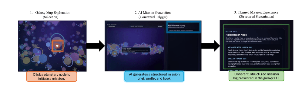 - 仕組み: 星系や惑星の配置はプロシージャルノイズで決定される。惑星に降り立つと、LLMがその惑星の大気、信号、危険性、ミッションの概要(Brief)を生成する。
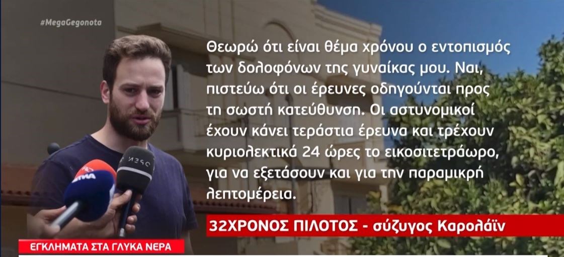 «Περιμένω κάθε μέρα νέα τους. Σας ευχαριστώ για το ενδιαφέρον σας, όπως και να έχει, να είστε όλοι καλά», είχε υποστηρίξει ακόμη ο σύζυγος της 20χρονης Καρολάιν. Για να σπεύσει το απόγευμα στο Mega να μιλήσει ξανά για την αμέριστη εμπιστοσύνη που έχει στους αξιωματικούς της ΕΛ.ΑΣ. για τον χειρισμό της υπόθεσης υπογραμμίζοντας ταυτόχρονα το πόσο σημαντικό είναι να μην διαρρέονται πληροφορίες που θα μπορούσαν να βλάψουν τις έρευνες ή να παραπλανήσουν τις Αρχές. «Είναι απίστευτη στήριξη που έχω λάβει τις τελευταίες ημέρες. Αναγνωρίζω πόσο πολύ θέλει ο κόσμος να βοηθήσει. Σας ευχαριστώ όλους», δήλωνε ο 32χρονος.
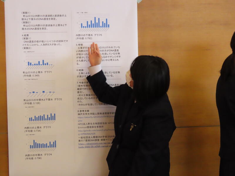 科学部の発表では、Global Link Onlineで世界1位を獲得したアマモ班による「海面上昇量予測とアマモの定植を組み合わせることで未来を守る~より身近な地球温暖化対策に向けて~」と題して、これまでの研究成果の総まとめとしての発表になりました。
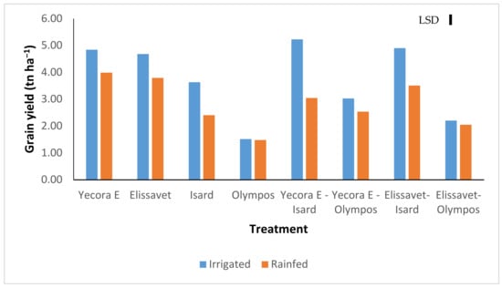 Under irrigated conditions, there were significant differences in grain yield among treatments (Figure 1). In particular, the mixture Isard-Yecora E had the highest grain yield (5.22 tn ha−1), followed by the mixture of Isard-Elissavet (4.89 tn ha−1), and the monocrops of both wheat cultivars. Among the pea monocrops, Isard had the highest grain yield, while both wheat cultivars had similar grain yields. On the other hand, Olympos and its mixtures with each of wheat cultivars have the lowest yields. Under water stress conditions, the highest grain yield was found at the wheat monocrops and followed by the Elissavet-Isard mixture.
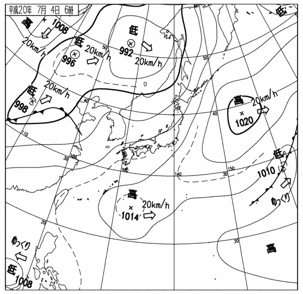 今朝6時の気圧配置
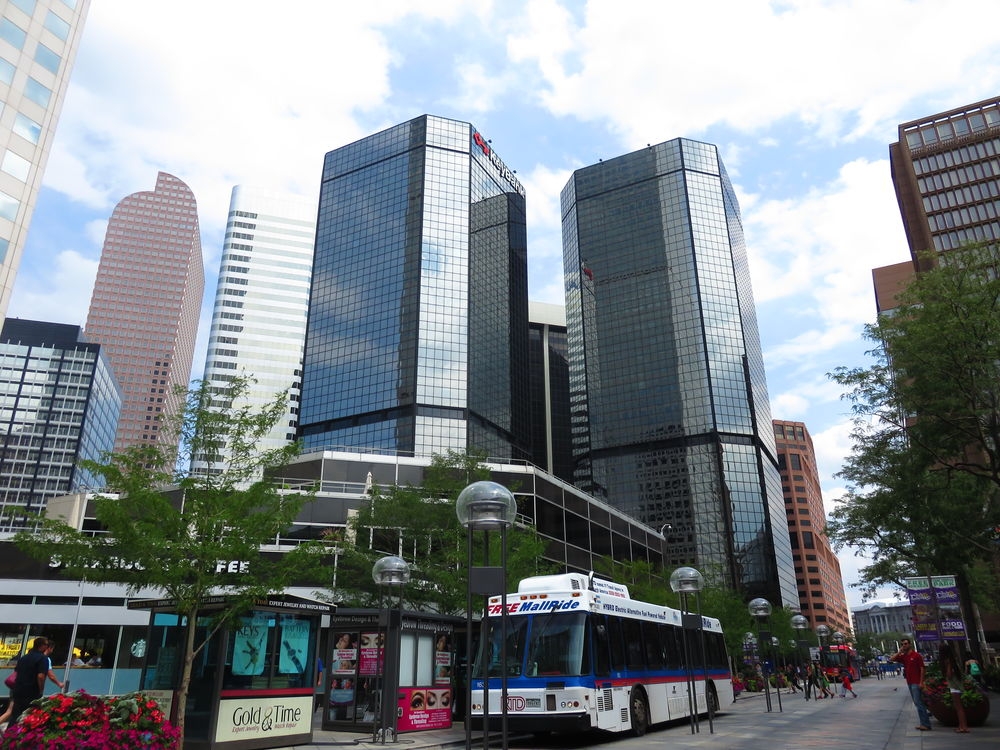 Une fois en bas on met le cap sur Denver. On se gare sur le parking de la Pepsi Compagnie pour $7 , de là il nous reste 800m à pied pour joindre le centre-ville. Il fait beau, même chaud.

What the exercise asks:
Omit the pictures and output all remaining material exactly.

Written response:
 - 仕組み: 星系や惑星の配置はプロシージャルノイズで決定される。惑星に降り立つと、LLMがその惑星の大気、信号、危険性、ミッションの概要(Brief)を生成する。
 «Περιμένω κάθε μέρα νέα τους. Σας ευχαριστώ για το ενδιαφέρον σας, όπως και να έχει, να είστε όλοι καλά», είχε υποστηρίξει ακόμη ο σύζυγος της 20χρονης Καρολάιν. Για να σπεύσει το απόγευμα στο Mega να μιλήσει ξανά για την αμέριστη εμπιστοσύνη που έχει στους αξιωματικούς της ΕΛ.ΑΣ. για τον χειρισμό της υπόθεσης υπογραμμίζοντας ταυτόχρονα το πόσο σημαντικό είναι να μην διαρρέονται πληροφορίες που θα μπορούσαν να βλάψουν τις έρευνες ή να παραπλανήσουν τις Αρχές. «Είναι απίστευτη στήριξη που έχω λάβει τις τελευταίες ημέρες. Αναγνωρίζω πόσο πολύ θέλει ο κόσμος να βοηθήσει. Σας ευχαριστώ όλους», δήλωνε ο 32χρονος.
 科学部の発表では、Global Link Onlineで世界1位を獲得したアマモ班による「海面上昇量予測とアマモの定植を組み合わせることで未来を守る~より身近な地球温暖化対策に向けて~」と題して、これまでの研究成果の総まとめとしての発表になりました。
 Under irrigated conditions, there were significant differences in grain yield among treatments (Figure 1). In particular, the mixture Isard-Yecora E had the highest grain yield (5.22 tn ha−1), followed by the mixture of Isard-Elissavet (4.89 tn ha−1), and the monocrops of both wheat cultivars. Among the pea monocrops, Isard had the highest grain yield, while both wheat cultivars had similar grain yields. On the other hand, Olympos and its mixtures with each of wheat cultivars have the lowest yields. Under water stress conditions, the highest grain yield was found at the wheat monocrops and followed by the Elissavet-Isard mixture.
 今朝6時の気圧配置
 Une fois en bas on met le cap sur Denver. On se gare sur le parking de la Pepsi Compagnie pour $7 , de là il nous reste 800m à pied pour joindre le centre-ville. Il fait beau, même chaud.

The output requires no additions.